For me I dont really like those colors jus bc Im more of a dark colored fingernail polish gal but if I liked the pastel colors then Id go for em cuz theyd be cute but light colors dont look good on me. Dark colors do cuz it makes my fingers look longer and skinnier.


----------



## Sexy Sadie (Nov 27, 2009)

I need a nailpolish friend in the US.


----------



## creolesugar (Nov 28, 2009)

Originally Posted by *lackoholic* /img/forum/go_quote.gif i really like the look of thease creamy pastels... I cannot wait for spring!
https://forum.makeuptalk.com/ima...=1258734422096

https://forum.makeuptalk.com/ima...=1258723258964

source

what do you think ladies?

i love pastels!!!


----------



## Bec688 (Dec 5, 2009)

Scrangie has put up her swatches, here they are girls










Flyin' High






Four Leaf Clover






Grape Pop






Happy Go Lucky






Heli-Yum






High Hopes






Lemon Fizz






Light As Air






Peachy Keen






Re-Freshmint






Something Sweet






Sugar High

source


----------



## Lucy (Dec 5, 2009)

i love the whited out shades a lot better than the richer ones. i so want lemon fizz..


----------



## Orangeeyecrayon (Dec 5, 2009)

after seeing the swatches i am not so sure i want this collection any more.
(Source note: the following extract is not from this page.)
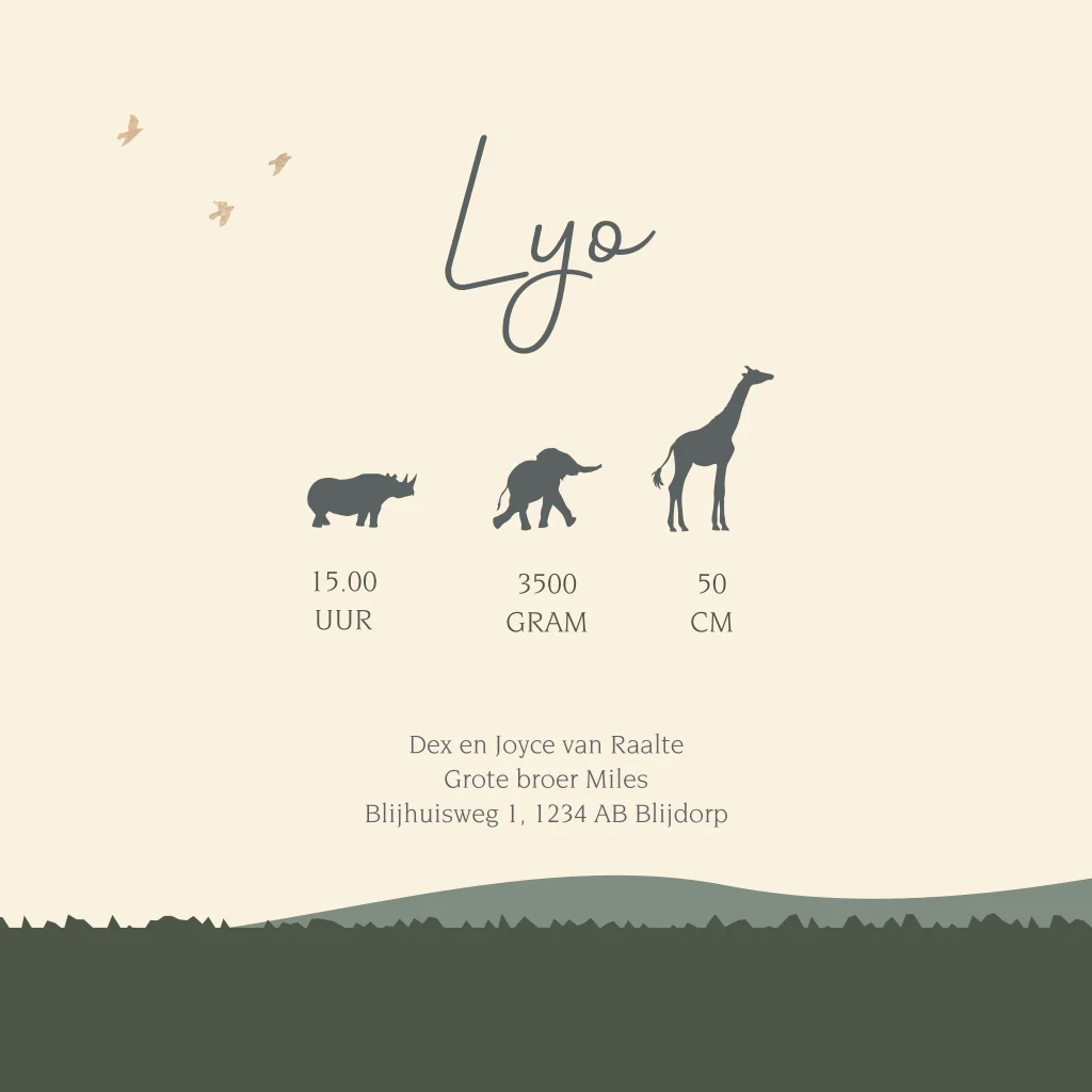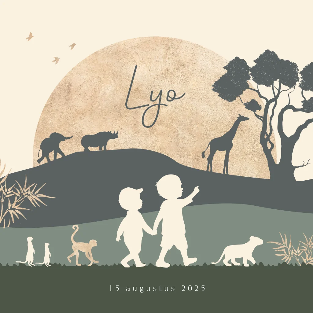 Gaaf silhouet geboortekaartje voor een broertje! Op dit jongenskaartje Lyo zie je twee broertjes wandelen tussen verschillende safari dieren, waaronder een aapje, stokstaartjes en een leeuwtje. Grote broer hand in hand met baby broertje, samen op avontuur in de jungle. Teksten, kleuren en silhouetten kun je eenvoudig aanpassen in de editor. Dit silhouet geboortekaartje is ook mogelijk voor een andere gezinssamenstelling.

The colors are for the most part much brighter i only see 2-3 polishes i even like


----------



## Dalylah (Dec 5, 2009)

I actually like quite a few of those, thanks for posting the swatches. They would make adorable spring skittles!


----------



## calmo73 (Dec 6, 2009)

While the swatched colors are nice, I don't see any that I just have to have, so I think I'll pass on this collection. They do look pretty in the bottle but seeing them on actual nails kinda was a letdown for me.


----------



## corky_ake (Jan 10, 2010)

Re-Freshmint and Lemon Fizz &lt;3


----------